**Exercise description:** Omit all pictures and transcribe only the lines in the entries below that run from the line with "表ポリエステル・裏コットン素材を使用したスポーティーな雰囲気のTRAINING JERSEY 左胸には同色のロゴ刺繍。" through the line with "另外,很多PCR儀在加熱模式".

**Excerpted data:**

────────────────────

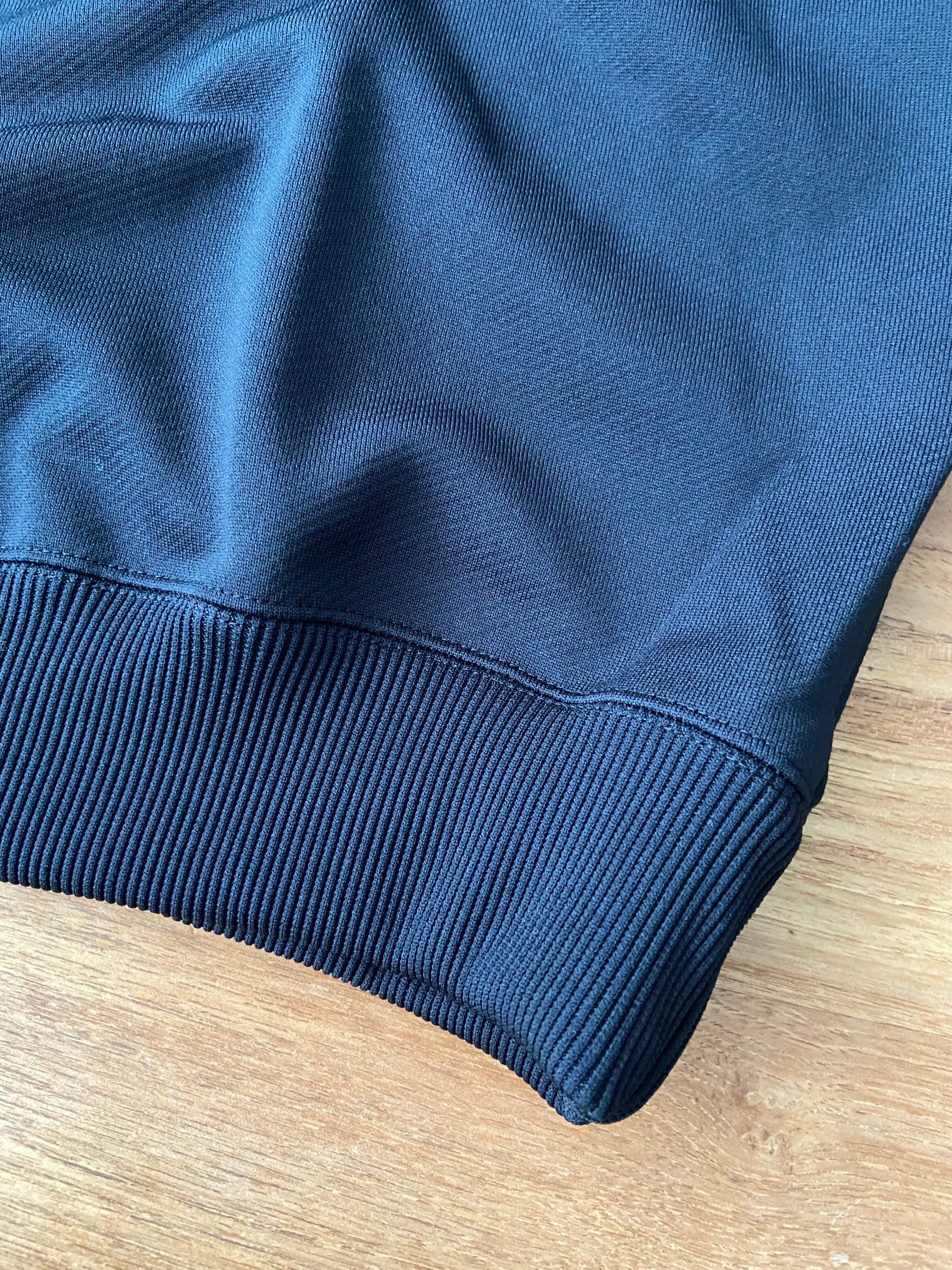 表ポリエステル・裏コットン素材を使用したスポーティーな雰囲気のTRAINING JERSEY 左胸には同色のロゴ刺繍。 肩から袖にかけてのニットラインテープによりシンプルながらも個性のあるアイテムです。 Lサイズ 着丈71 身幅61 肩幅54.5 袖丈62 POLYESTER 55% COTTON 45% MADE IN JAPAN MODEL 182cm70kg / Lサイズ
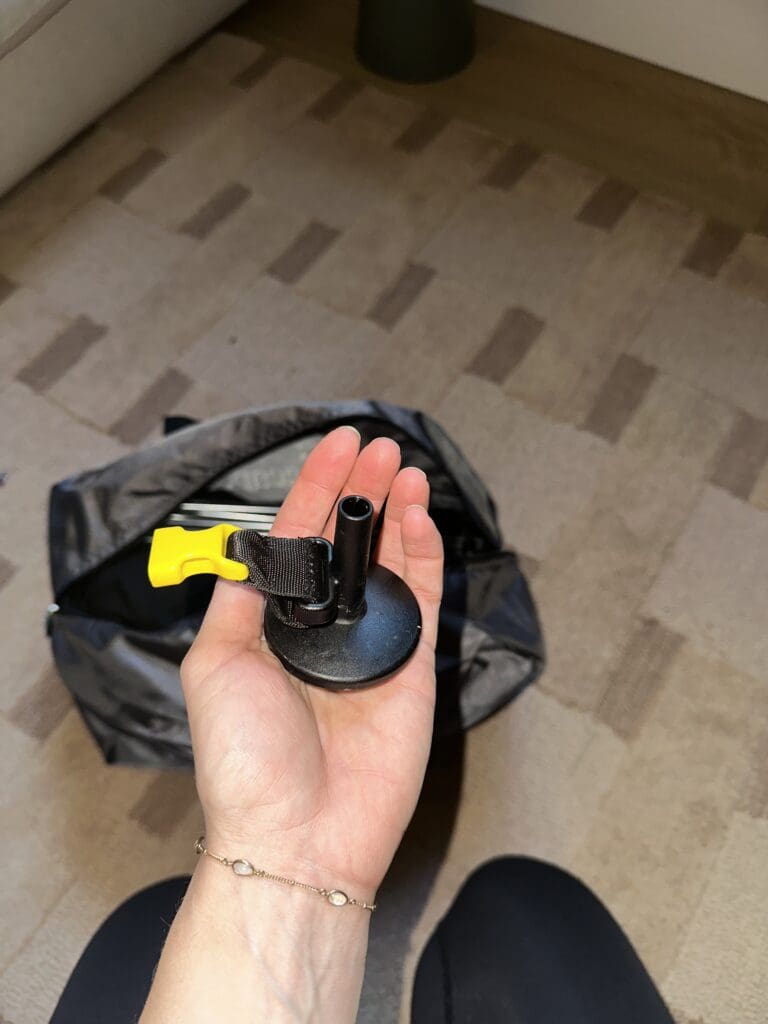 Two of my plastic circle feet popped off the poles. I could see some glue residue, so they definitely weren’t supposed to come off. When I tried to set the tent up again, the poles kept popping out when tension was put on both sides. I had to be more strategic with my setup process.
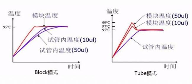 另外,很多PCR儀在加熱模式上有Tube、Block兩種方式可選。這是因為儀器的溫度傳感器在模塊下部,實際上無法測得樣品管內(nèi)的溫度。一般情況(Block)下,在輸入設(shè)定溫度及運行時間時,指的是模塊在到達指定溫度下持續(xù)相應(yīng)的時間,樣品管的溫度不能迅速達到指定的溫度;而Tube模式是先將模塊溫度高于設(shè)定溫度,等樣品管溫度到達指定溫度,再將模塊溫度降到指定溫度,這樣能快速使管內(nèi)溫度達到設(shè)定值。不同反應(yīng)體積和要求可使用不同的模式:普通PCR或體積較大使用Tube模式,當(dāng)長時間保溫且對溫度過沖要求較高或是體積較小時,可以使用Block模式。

────────────────────

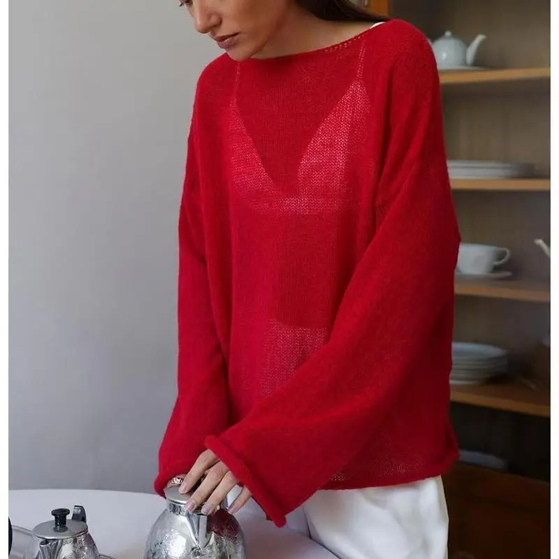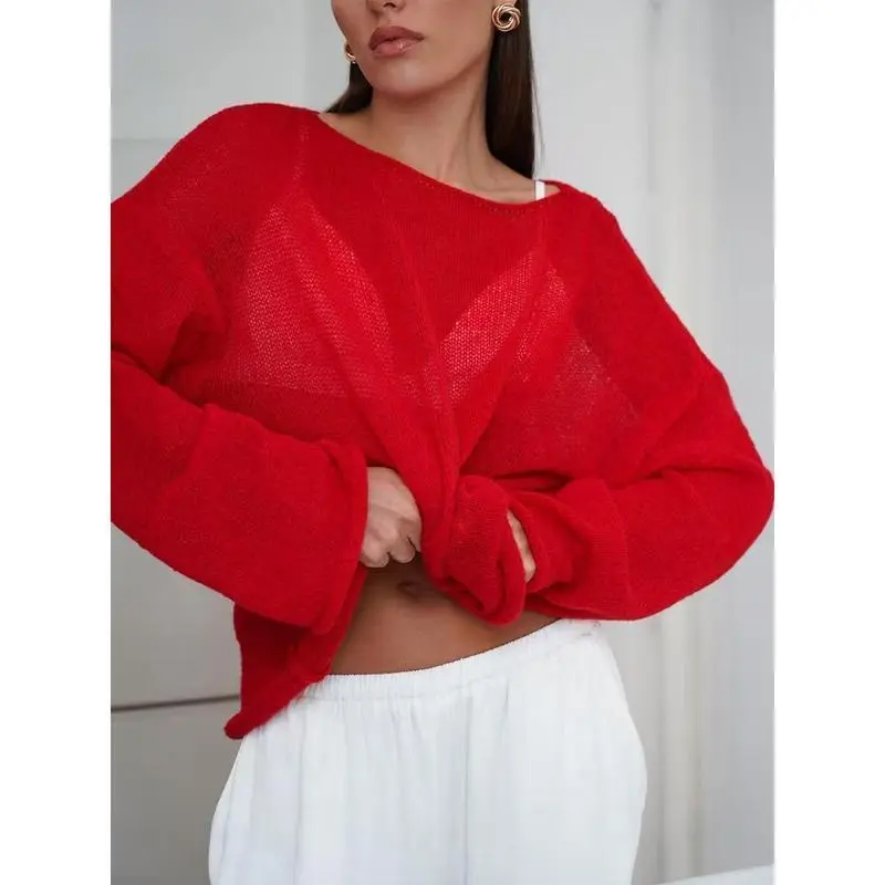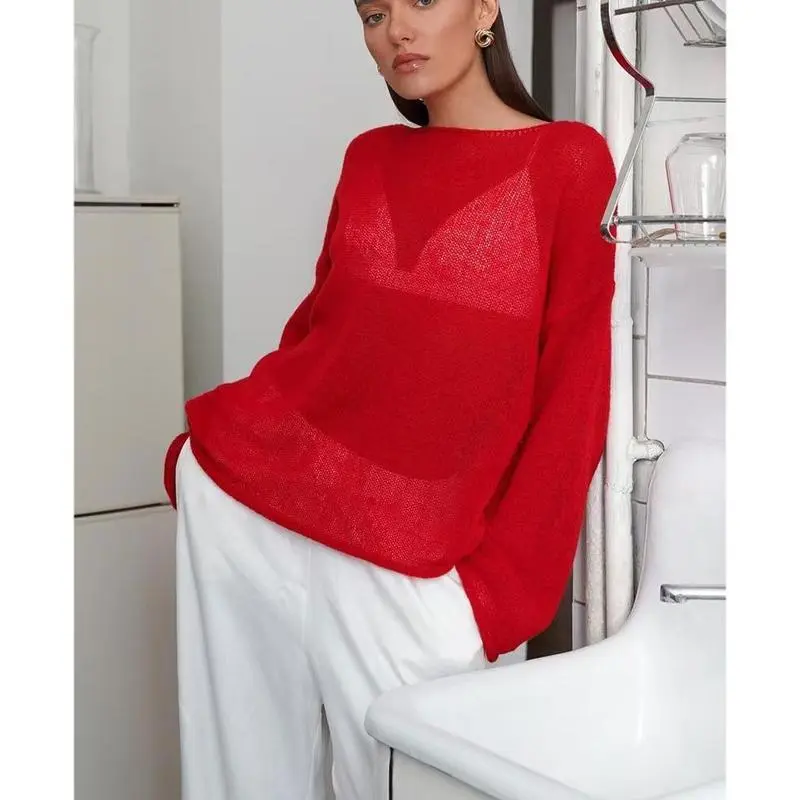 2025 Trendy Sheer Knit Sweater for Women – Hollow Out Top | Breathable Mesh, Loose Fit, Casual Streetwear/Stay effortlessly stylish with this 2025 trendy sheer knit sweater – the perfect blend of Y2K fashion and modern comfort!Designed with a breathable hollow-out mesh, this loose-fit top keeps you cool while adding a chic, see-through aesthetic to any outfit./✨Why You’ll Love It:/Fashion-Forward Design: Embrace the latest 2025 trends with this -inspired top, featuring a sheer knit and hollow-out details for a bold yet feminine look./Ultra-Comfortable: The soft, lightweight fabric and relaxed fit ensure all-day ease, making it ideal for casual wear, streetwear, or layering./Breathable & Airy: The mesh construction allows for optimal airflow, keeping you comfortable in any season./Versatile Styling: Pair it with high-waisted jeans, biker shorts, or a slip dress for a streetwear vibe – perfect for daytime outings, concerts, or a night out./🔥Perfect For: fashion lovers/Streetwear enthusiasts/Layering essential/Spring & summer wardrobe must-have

────────────────────

**Answer:**
 表ポリエステル・裏コットン素材を使用したスポーティーな雰囲気のTRAINING JERSEY 左胸には同色のロゴ刺繍。 肩から袖にかけてのニットラインテープによりシンプルながらも個性のあるアイテムです。 Lサイズ 着丈71 身幅61 肩幅54.5 袖丈62 POLYESTER 55% COTTON 45% MADE IN JAPAN MODEL 182cm70kg / Lサイズ
 Two of my plastic circle feet popped off the poles. I could see some glue residue, so they definitely weren’t supposed to come off. When I tried to set the tent up again, the poles kept popping out when tension was put on both sides. I had to be more strategic with my setup process.
 另外,很多PCR儀在加熱模式上有Tube、Block兩種方式可選。這是因為儀器的溫度傳感器在模塊下部,實際上無法測得樣品管內(nèi)的溫度。一般情況(Block)下,在輸入設(shè)定溫度及運行時間時,指的是模塊在到達指定溫度下持續(xù)相應(yīng)的時間,樣品管的溫度不能迅速達到指定的溫度;而Tube模式是先將模塊溫度高于設(shè)定溫度,等樣品管溫度到達指定溫度,再將模塊溫度降到指定溫度,這樣能快速使管內(nèi)溫度達到設(shè)定值。不同反應(yīng)體積和要求可使用不同的模式:普通PCR或體積較大使用Tube模式,當(dāng)長時間保溫且對溫度過沖要求較高或是體積較小時,可以使用Block模式。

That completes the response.